- **Work request**
Take the material below and extract the lines from the one with "Arbeitsblatt zum Ausmalen" through the one with "Nyakfodor, hajporköpeny, paszomány, hálósapka.", word for word, without pictures.

- **Source material**
►
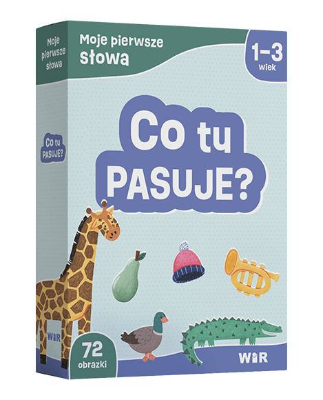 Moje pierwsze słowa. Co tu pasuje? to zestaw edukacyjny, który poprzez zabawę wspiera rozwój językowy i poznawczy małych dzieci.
◄
►
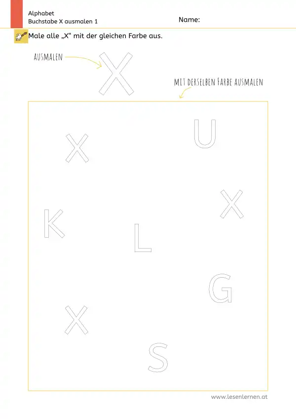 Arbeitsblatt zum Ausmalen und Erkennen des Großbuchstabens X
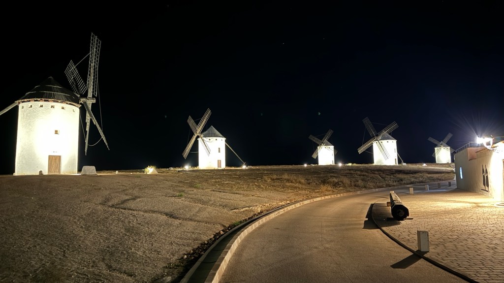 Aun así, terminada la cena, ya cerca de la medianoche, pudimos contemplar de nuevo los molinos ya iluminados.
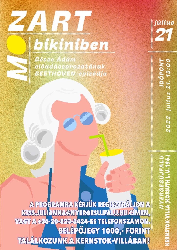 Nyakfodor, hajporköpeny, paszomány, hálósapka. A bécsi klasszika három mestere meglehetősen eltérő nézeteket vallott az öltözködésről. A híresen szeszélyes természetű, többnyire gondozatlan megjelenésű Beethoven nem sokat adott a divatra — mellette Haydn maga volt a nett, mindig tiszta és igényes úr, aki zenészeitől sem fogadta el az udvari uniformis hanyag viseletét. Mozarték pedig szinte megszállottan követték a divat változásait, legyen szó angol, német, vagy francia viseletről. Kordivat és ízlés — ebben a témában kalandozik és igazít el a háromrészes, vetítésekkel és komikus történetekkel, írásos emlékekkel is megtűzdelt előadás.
◄
►
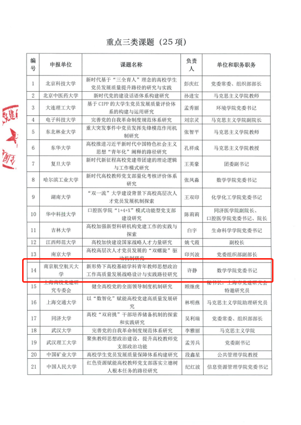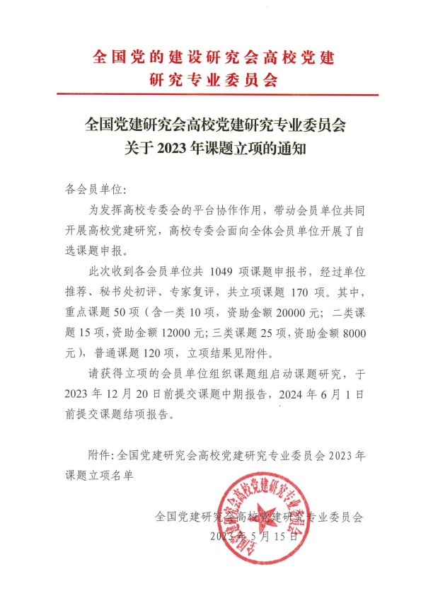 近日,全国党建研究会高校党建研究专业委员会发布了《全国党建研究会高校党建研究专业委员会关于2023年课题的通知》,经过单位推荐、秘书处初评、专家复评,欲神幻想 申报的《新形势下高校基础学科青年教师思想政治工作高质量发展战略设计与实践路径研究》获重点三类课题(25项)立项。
◄
- **Response area**
 Arbeitsblatt zum Ausmalen und Erkennen des Großbuchstabens X
 Aun así, terminada la cena, ya cerca de la medianoche, pudimos contemplar de nuevo los molinos ya iluminados.
 Nyakfodor, hajporköpeny, paszomány, hálósapka. A bécsi klasszika három mestere meglehetősen eltérő nézeteket vallott az öltözködésről. A híresen szeszélyes természetű, többnyire gondozatlan megjelenésű Beethoven nem sokat adott a divatra — mellette Haydn maga volt a nett, mindig tiszta és igényes úr, aki zenészeitől sem fogadta el az udvari uniformis hanyag viseletét. Mozarték pedig szinte megszállottan követték a divat változásait, legyen szó angol, német, vagy francia viseletről. Kordivat és ízlés — ebben a témában kalandozik és igazít el a háromrészes, vetítésekkel és komikus történetekkel, írásos emlékekkel is megtűzdelt előadás.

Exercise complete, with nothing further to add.